I don't see how the White House has any basis at all to claim executive privilege over emails they sent and received using the Republican National Committee's server rather than their own government-supplied one.

The law clearly states that no political activity can take place using the resources of the federal government. By definition, the RNC is a political organization, and those using their server are engaging in politicking.

The administration wants to have its cake and eat it too. They are official executive e-mails, they say, and are thus protected from disclosure in the ways all official communications emanating from the White House are. If they are legitimate government business, however, they need to be preserved and should have been in their White House data banks from the beginning.

These officials made a conscious choice to fly beneath the radar here.
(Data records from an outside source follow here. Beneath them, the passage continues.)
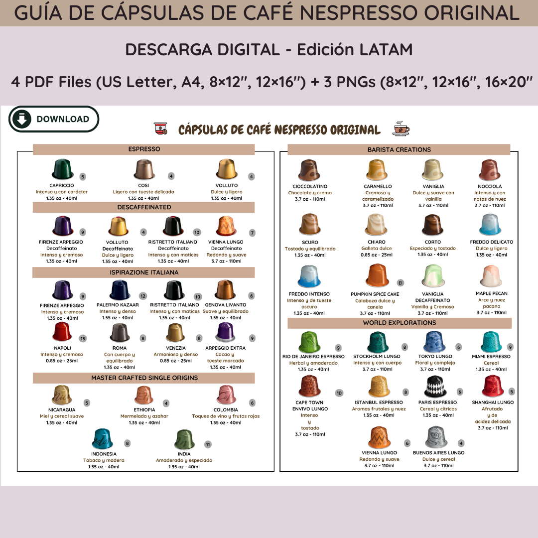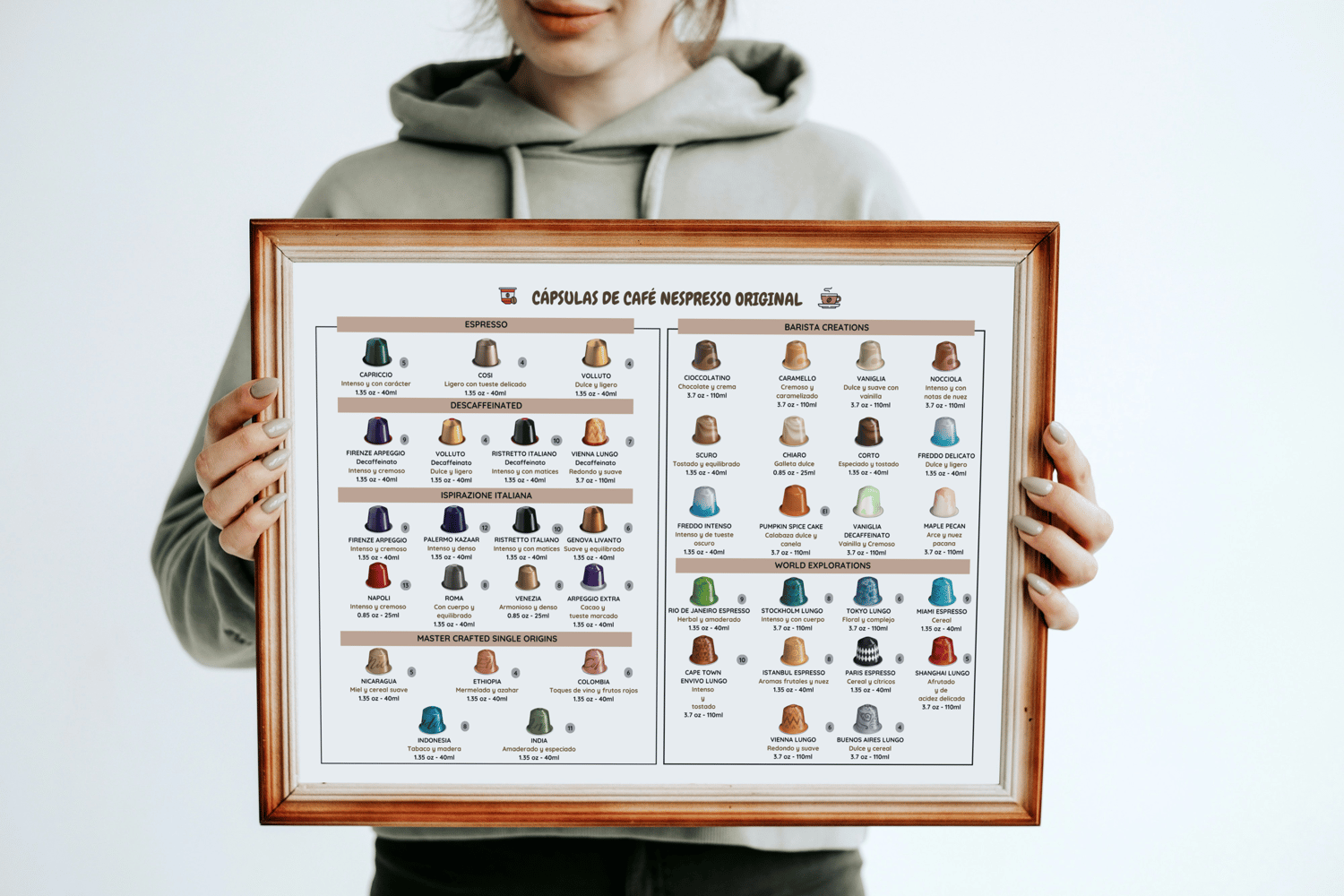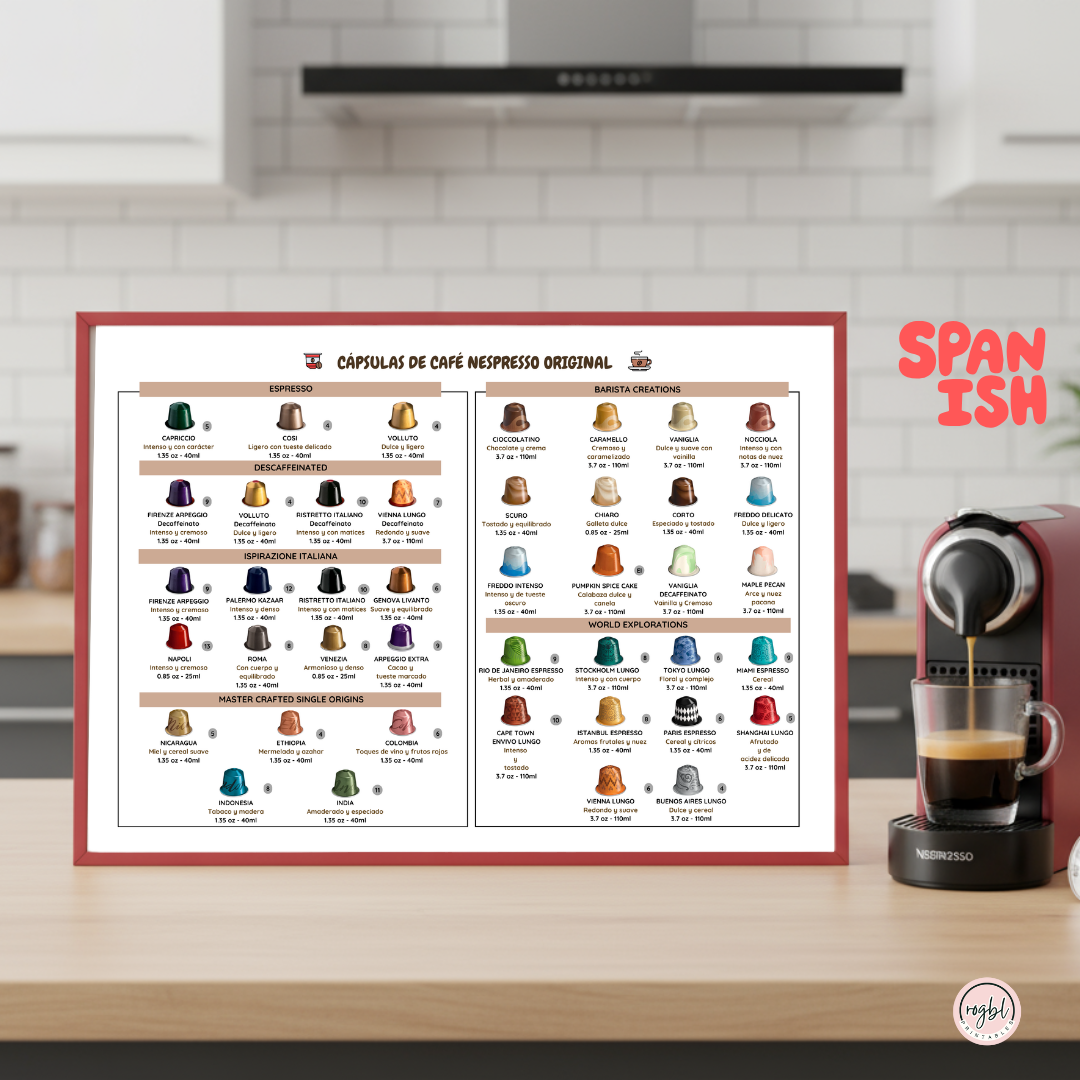 Guía Imprimible de Cápsulas de Café Nespresso Original en Español – Menú con Intensidad y Sabor, Decoración de Cocina, Descarga Digital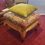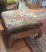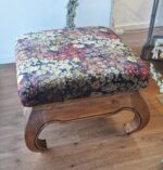 Repousa-pés em tecido de flores vintage e pés robustos em madeira — um convite ao relaxe com charme e personalidade.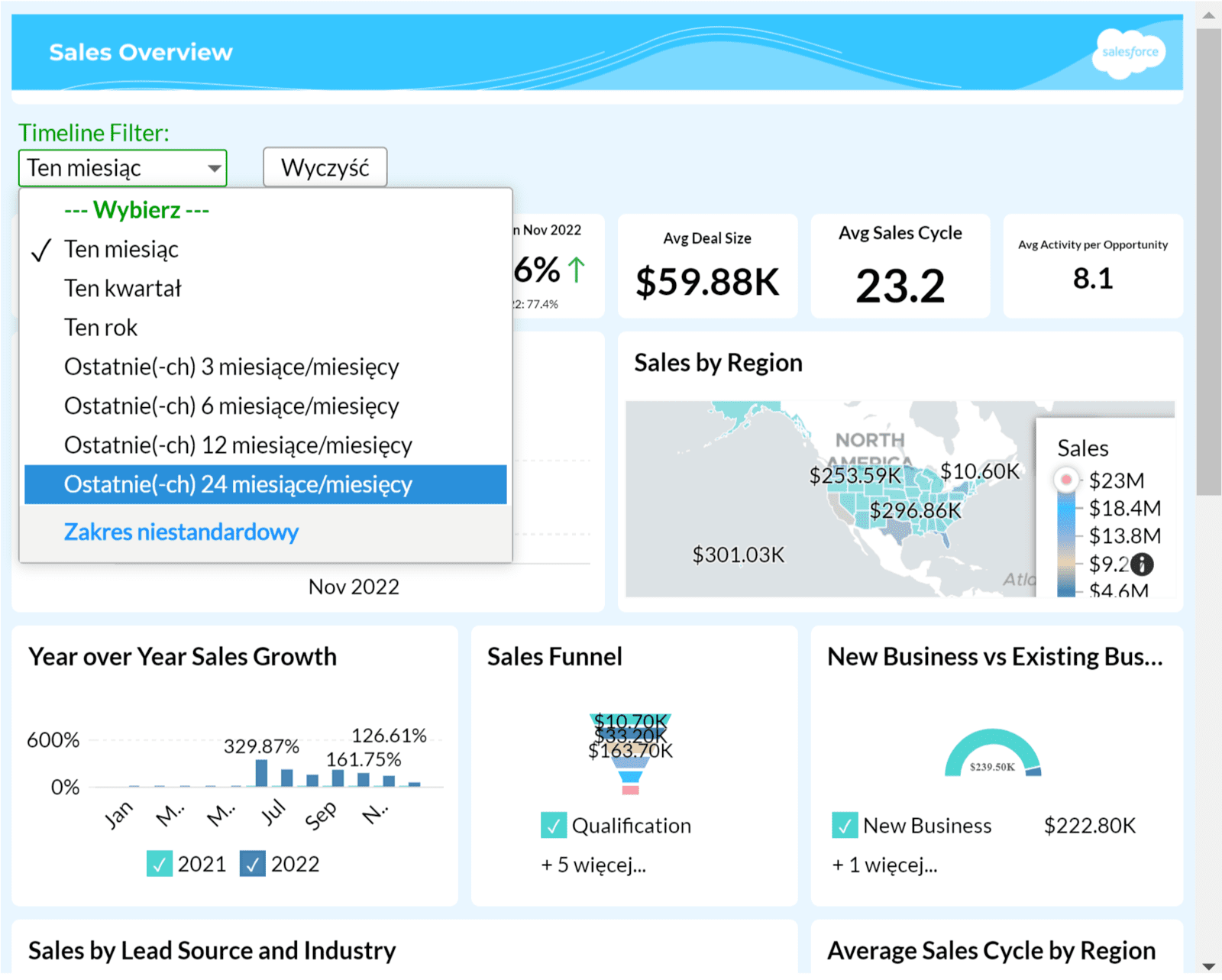 Zapoznaj się z gotowym pulpitem nawigacyjnym Podglądu Sprzedaży dla Salesforce CRM poniżej. Podobnie możesz przeglądać inne gotowe raporty i pulpity nawigacyjne, które możesz zintegrować z Zoho Analytics tutaj .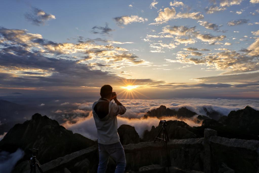 游客拍摄黄山云海(6月2日摄)。新华社发(梅建 摄)

They may have assumed this shady strategy of keeping parallel systems would never come to light, as the responsibility to investigate their actions would fall to the corporate media whores and the Republican Congress, neither group having showed much taste for getting into the slimy specifics of things Republican.

I think they just figured they had gerrymandered and obstructed and flim-flammed the country - scared them nearly senseless, too - enough to maintain their cynical grip on power, their War on the Will of the People.

It seems very simple from where I stand. There are only two possible reasons for sidestepping the official procedures for guaranteeing an accurate and complete public record.

1. The RNC system was used for political activity. This would be the appropriate avenue for politicking taking place outside of official business. There is no legitimate reason to use this server during the regular workday within the government. How then could thse extra-governmental emails be protected by executive privilege? You tell me.

2. The political wing of the Bush administration intentionally circumvented the safeguards on White House communications in order to allow them to communicate without the scrutiny of Congress, the American people, their political opponents, and ultimately, history. More likely. More sinister.

Thank you, America, for waking up. You are late for work, very late for school, but better late than never.